===== RECORDS FOR PROCESSING
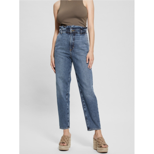 Guess Nellie Ankle Jeans Women's Blue Denim Paperbag Waist Pockets FTS1153
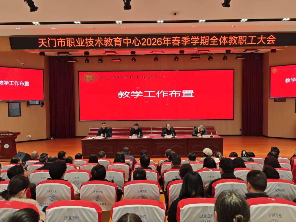 春回大地,万象更新。为统筹部署新学期各项工作,凝聚教职工奋进力量,2026年2月28日9:00,天门市职业技术教育中心在报告厅召开2026年春季全体教职工大会。全体教职工参会,会议围绕师德师风、教学安排、后勤保障及全年工作部署展开,为学校高质量发展划定重点、明确方向。
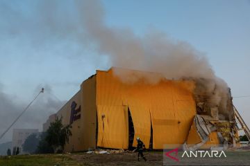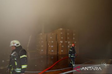 Petugas pemadam kebakaran di lokasi pabrik tembakau yang mengalami kerusakan akibat serangan drone bunuh diri Rusia, di Kyiv, Ukraina (28/5/2023). Angkatan Udara Ukraina menyatakan telah menjatuhkan 52 dari 54 drone yang diluncurkan Rusia. ANTARA FOTO/REUTERS/Valentyn Ogirenko/tom.
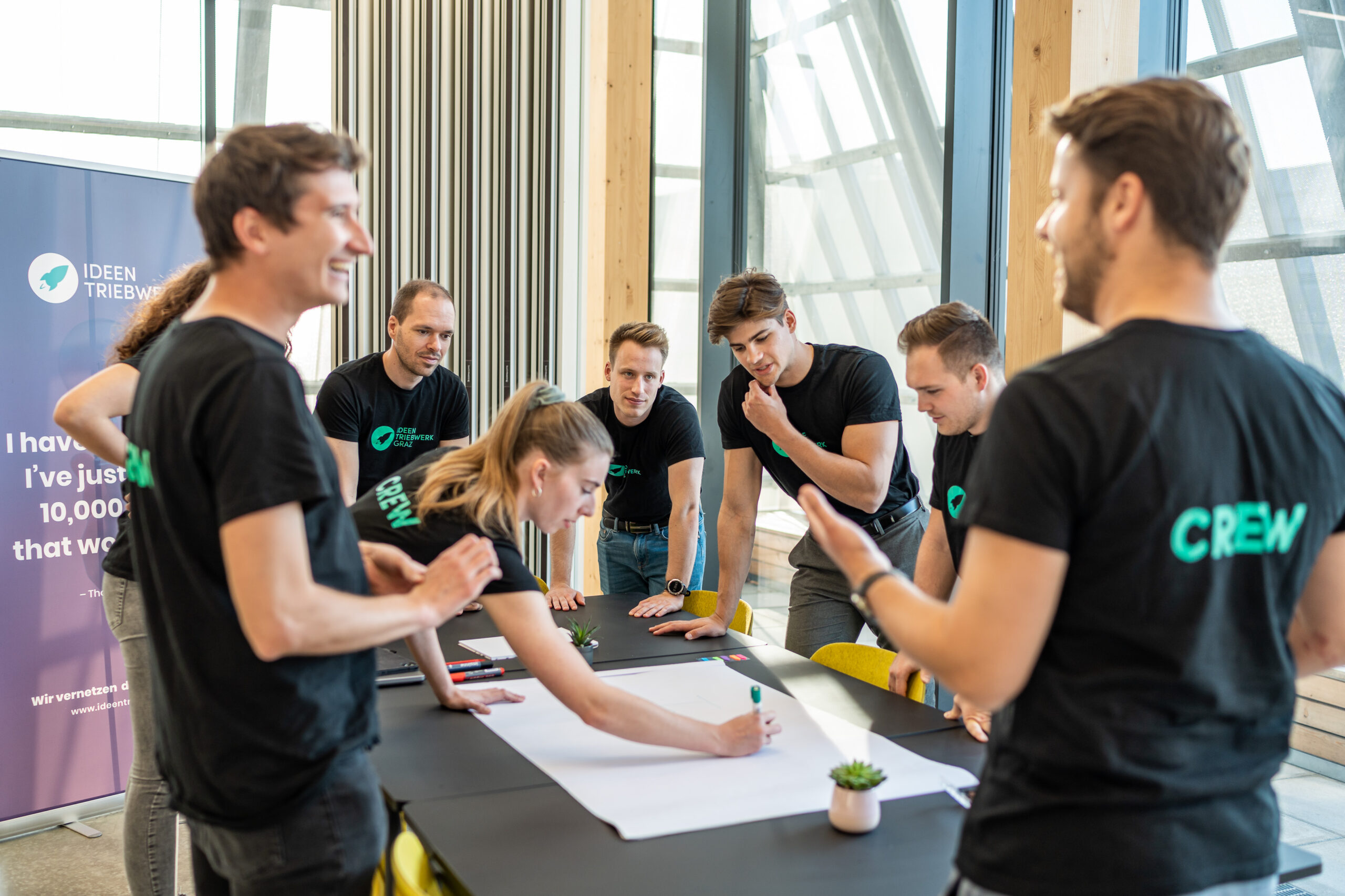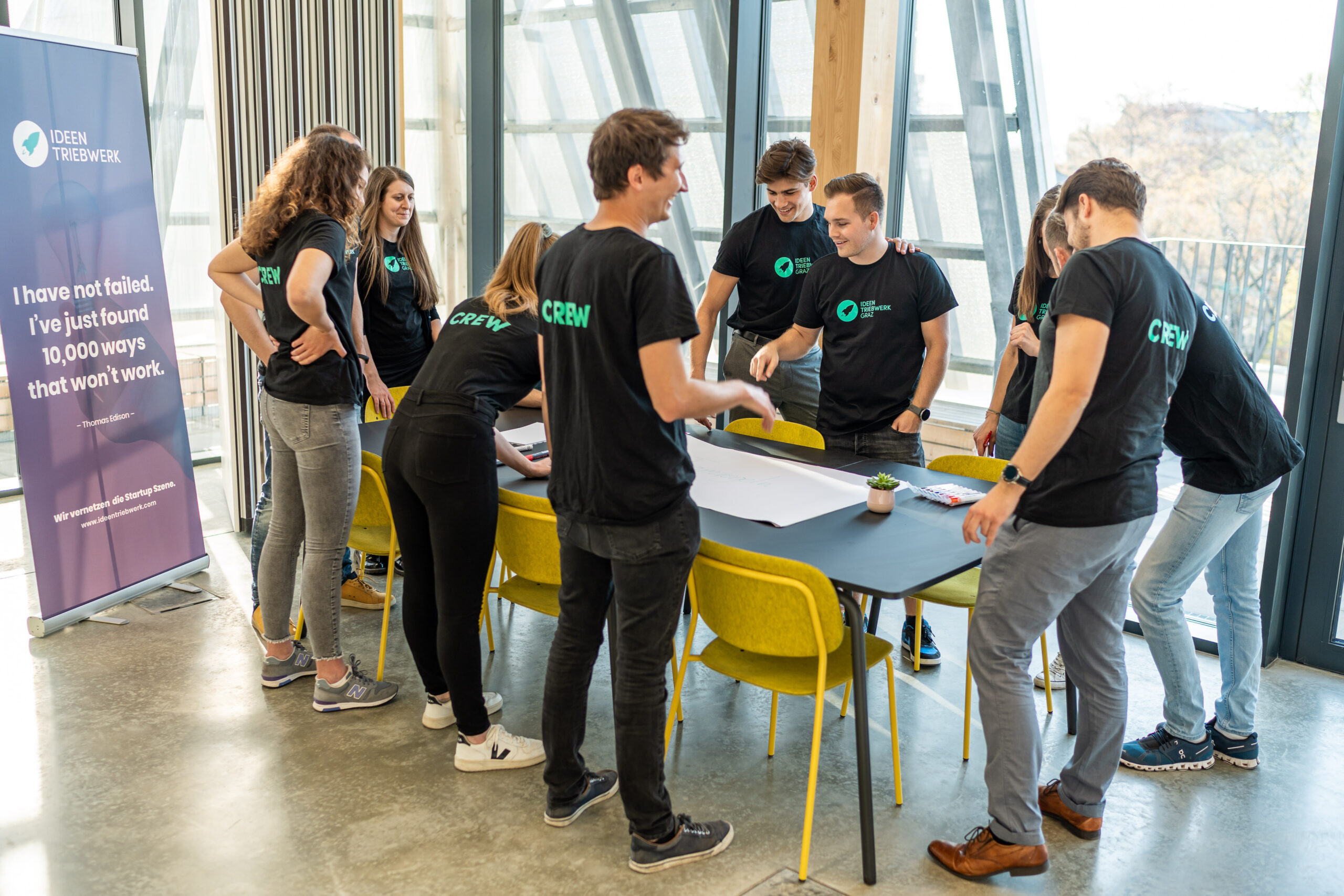 Wir sind das Ideentriebwerk. Unser Team besteht aus rund 30 Mitgliedern, die sich alle ehrenamtlich und mit Leidenschaft für Unternehmertum und Innovation engagieren. Wir sind Studierende, Berufstätige oder sogar selbst Gründer:innen, die eine gemeinsame Mission eint: wir vernetzen die Startup Szene.
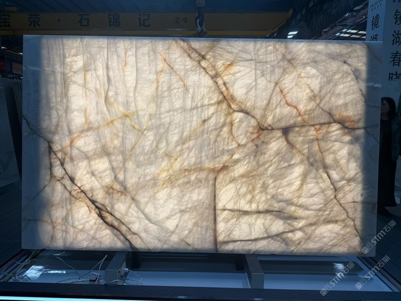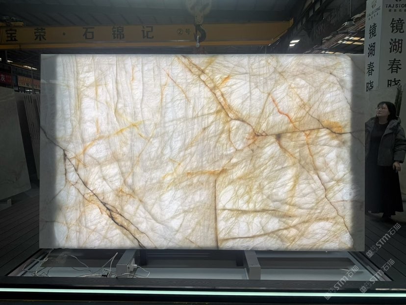 發(fā)布信息: 巴西白水晶 甄選巴西天然白水晶奢石,高純度石英結(jié)晶,造就透光肌理。金紋游走于瑩白底色,每一塊都是的自然孤品。適配高端大堂、透光背景墻與藝術(shù)隔斷,以石為幕,讓光線雕刻空間的奢華維度。 Brazilian White Crystal Quartzite Premium white crystal features high quartz content and exceptional translucency. Each slab boasts unique golden veining and flawless backlit performance. Ideal for high-end projects like backlit walls and countertops.
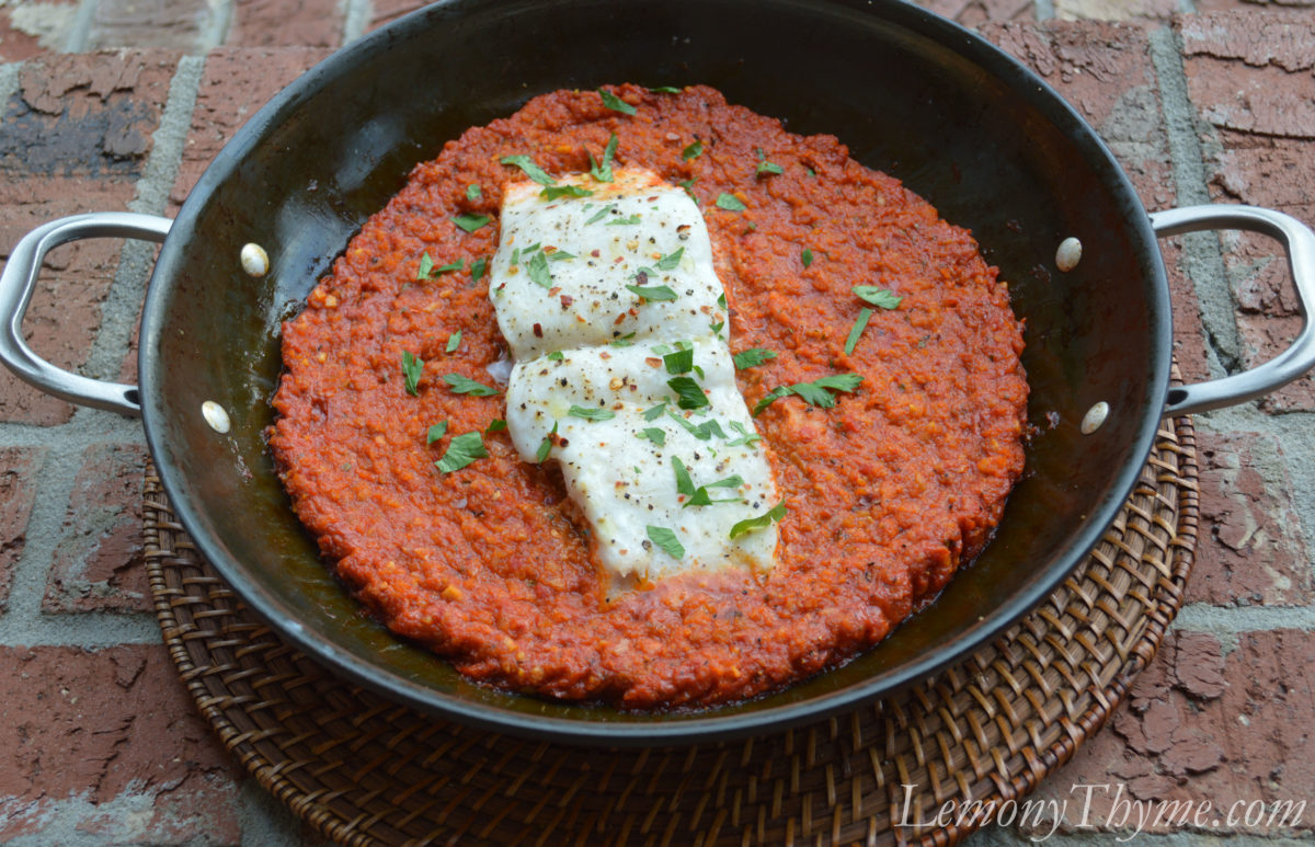 Halibut in Roasted Romesco Sauce {with Pasta}
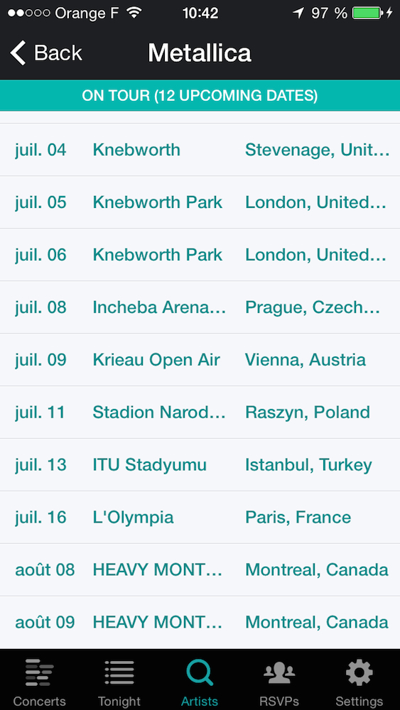 Il y a quelques jours, certains utilisateurs d'applications smartphones ont eu un choc. En quelques secondes, une app comme Bandsintown (mais c'est arrivé sur Eventful aussi) annonçait des dates de METALLICA, Paul McCartney et des ROLLING STONES en concert à l'Olympia, à la fin du mois de juillet.
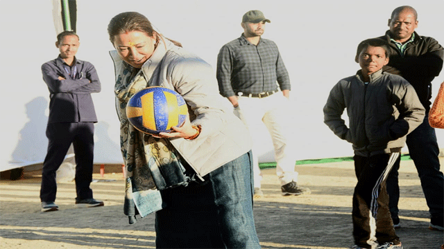 बच्चों को खेलते देख वॉलीबॉल खेलने लगी स्पोर्ट्स मिनिस्टर
==========
Repeat exactly the lines from the one containing "walls and countertops." to the last line of the data above, both included, and write no pictures into the copy.

 發(fā)布信息: 巴西白水晶 甄選巴西天然白水晶奢石,高純度石英結(jié)晶,造就透光肌理。金紋游走于瑩白底色,每一塊都是的自然孤品。適配高端大堂、透光背景墻與藝術(shù)隔斷,以石為幕,讓光線雕刻空間的奢華維度。 Brazilian White Crystal Quartzite Premium white crystal features high quartz content and exceptional translucency. Each slab boasts unique golden veining and flawless backlit performance. Ideal for high-end projects like backlit walls and countertops.
 Halibut in Roasted Romesco Sauce {with Pasta}
 Il y a quelques jours, certains utilisateurs d'applications smartphones ont eu un choc. En quelques secondes, une app comme Bandsintown (mais c'est arrivé sur Eventful aussi) annonçait des dates de METALLICA, Paul McCartney et des ROLLING STONES en concert à l'Olympia, à la fin du mois de juillet.
 बच्चों को खेलते देख वॉलीबॉल खेलने लगी स्पोर्ट्स मिनिस्टर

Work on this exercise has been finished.